Olivier Zajec : Le titre, oui. Et les conclusions en grande partie. Dans cet essai, qui n’avait d’ailleurs rien d’universitaire dans la forme, je ne voulais pas dire que les États-Unis allaient cesser d’être une très grande puissance, ce qui aurait été absurde. Mais j’indiquais très clairement en conclusion qu’ils ne seraient plus une puissance d’une nature différente de toutes les autres, chargée d’une mission mondiale.

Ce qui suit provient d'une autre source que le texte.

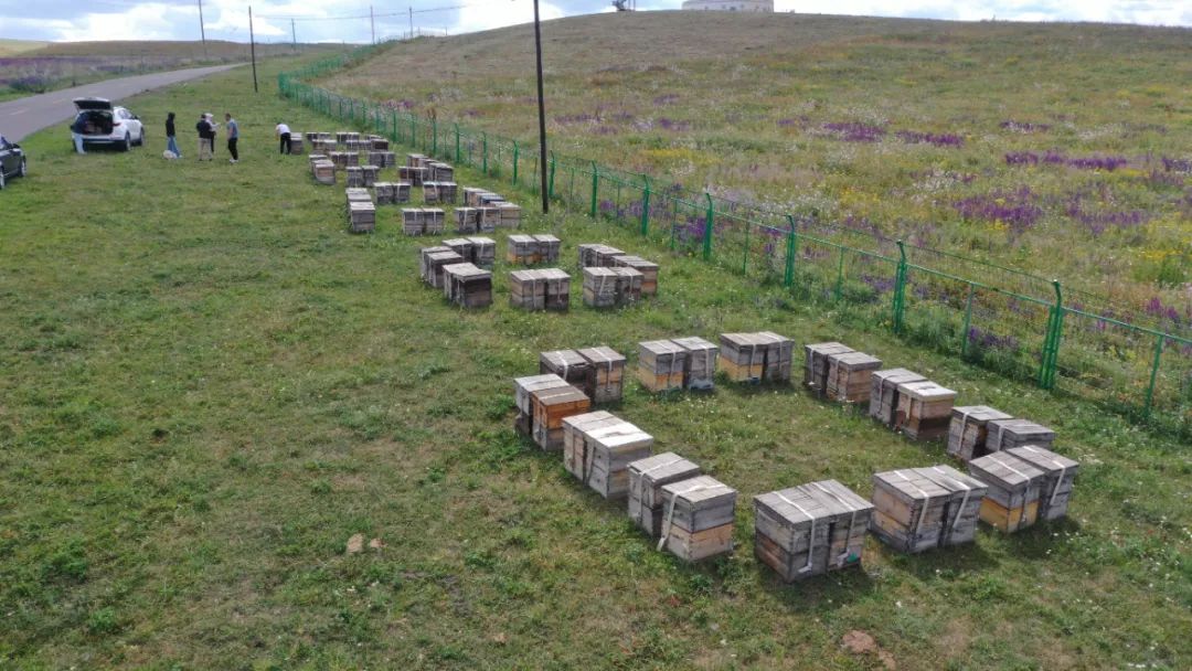 分布在吐尔加辽草原的蜂箱。塔城地区融媒体中心记者汪春林摄

Pour Seymour Lipset (1) les États-Unis sont moins un pays qu’une idée : « C’est notre destin en tant que nation de n’avoir pas d’idéologie mais d’en être une. » Cette conviction les autorisait à intervenir dans le monde entier pour le remodeler à leur image. Mais ils en sont de moins en moins capables, comme la récente séquence irako-afghane l’a montré. Il me semblait que les États-Unis revenaient à leur place normale.

On pourrait rétorquer que le problème est secondaire et qu’en réalité l’Amérique a triomphé car les fondements de la société américaine comme l’individualisme ou le consumérisme se sont imposés à travers toute la planète. Cela me semble néanmoins un peu rapide. Oui, la Chine a rallié le consumérisme, car elle est devenue une société post-idéologique comme les autres, sous le masque hypocrite d’un communisme rentier obsédé par le contrôle social. Mais ce consumérisme est chinois. Les valeurs que véhiculaient les États-Unis leur ont échappé quand elles ont été reprises par les autres. En d’autres termes, il me semble que notre temps international fragmenté est tout à la fois économiquement interdépendant, culturellement multipolaire et politiquement polyarchique. En bref, l’époque n’est plus rythmée par l’horloge idéologique interne de l’Amérique.

Conflits : Les migrations jouent-elles un rôle dans cette fragmentation ?

Olivier Zajec : C’est un élément important de ce nouveau paysage. Comme le dit avec raison Gérard-François Dumont, la migration est « un fait social complexe, dont la compréhension nécessite de distinguer la diversité de ses caractéristiques (2) ». Tous les acteurs du nouveau jeu multipolaire ne sont pas affectés par ce phénomène de la même façon. Encore une fois, attention aux explications autocentrées : plus de 80 % des mouvements migratoires africains se font à l’intérieur du continent noir. Mais il est vrai que l’Europe connaît une situation particulière. Un blocage évident s’y est produit, et il s’aggrave tant dans les faits que dans les esprits, pour des raisons multiples et complexes.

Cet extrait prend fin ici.